4239

Recommendations for Accurate Basis Set Generation for Magnetic Resonance Spectroscopy Quantification
Karl Landheer1 and Christoph Juchem1,2

1Biomedical Engineering, Columbia University, New York, NY, United States, 2Radiology, Columbia University, New York, NY, United States

Synopsis

Data from magnetic resonance spectroscopy (MRS) experiments require quantification, which consists of fitting the measured data to a series of scaled, shifted and broadened spectral lines, referred to as a basis set. The numerical generation of basis sets necessitates certain assumptions and approximations to ensure practicality given the available computational power and memory size. However, these assumptions can substantially impact the derived spectral lineshapes. Common assumptions found throughout the literature were systematically investigated with our newly developed MAgnetic Resonance Spectrum Simulator (MARSS) software and recommendations are given to generate realistic basis sets for accurate quantification of MRS studies.

Introduction

A critical portion of an in vivo magnetic resonance spectroscopic (MRS) experiment is quantification, which typically involves fitting the measured spectrum to a linear combination of scaled and line-broadened underlying lineshapes, referred to as basis sets1. In order to accurately estimate the concentration of the metabolites of interest it is of utmost importance that physically realistic basis sets are used. Some previous simulation results have been shown to disagree with experiments for reasons not entirely known2. To date, little attention has been paid to the numerous assumptions made in generating basis sets, which we hypothesize to be at least in part responsible for measured previously reported disagreements between simulations and experiment2.

Here the effect of four assumptions which are often used within the literature are systematically investigated and recommendations are given for generation of realistic basis sets: These include:

1) number of spatial points necessary in the volume integral (which also investigates the so-called “hard pulse” approximation corresponding to a single point in space),

2) coherence order pathway handling with crusher gradients,

3) effects of relaxation during RF pulses,

4) experimental details between different vendor sequences.

Methods

All simulations were performed with the in-house software package MAgnetic Resonance Spectrum Simulator (MARSS), which employs the full density matrix formalism4, with the entire details and experimental validation given in another submitted abstract. All spectra were simulated at 3 Tesla and all displayed spectra were line broadened by 2 Hz exponential apodization (narrower than in vivo linewidths in order to be sensitive to subtle differences).

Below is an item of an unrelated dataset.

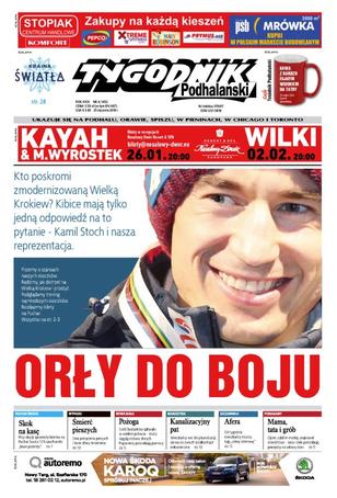 Kto poskromi zmodernizowaną Wielką Krokiew – kibice mają tylko jedną odpowiedź na to pytanie – Kamil Stoch i nasza reprezentacja; przy okazji sprzedaży biletów na Puchar Świata TZN uruchomiło „biuro podróży”; wypadki – dwa potrącenia pieszych i dwie ofiary śmiertelne; sześć budynków spłonęło w wielkim pożarze – straty sięgają miliona złotych; dlaczego mieszkańcy Maruszyna chcą kanalizacji, ale rur na swoich działkach już niekoniecznie; od tygodnia mieszkańcy Szczawnicy żyją „aferą taśmową”; ojciec zabił im matkę, zrujnował dzieciństwo – teraz córki potrzebują pieniędzy na własny dom.

To investigate the first two assumptions two different pulse sequences were simulated: General Electric’s (GE) PRESS5 and STEAM6 (which included RF pulses, slice-select gradients, crusher gradients and timings identical to nominal experimental parameters), with echo times (TE) of 30 and 20 ms, respectively, for the metabolite gamma-aminobutyric acid (GABA). Signals were generated for five different number of spatial points: 1 (which is analogous to the hard-pulse approximation), 103, 203, 403, and 803. Signals were generated by filtering the density matrix following each RF pulse according to the equation

$$\rho_f(x,y,z) = F\circ\rho(x,y,z), $$

where $$$\circ$$$ denotes the Hadamard or element-wise multiplication and $$$F$$$ is the filter matrix which has element values of 1 for elements which correspond to the desired coherence order for that particular time interval and 0 for all other elements. This filtering is a novel method of appropriately handling coherence pathways. Identical simulations were also done without this filter to assess the impact of the coherence pathway selection with crusher gradients.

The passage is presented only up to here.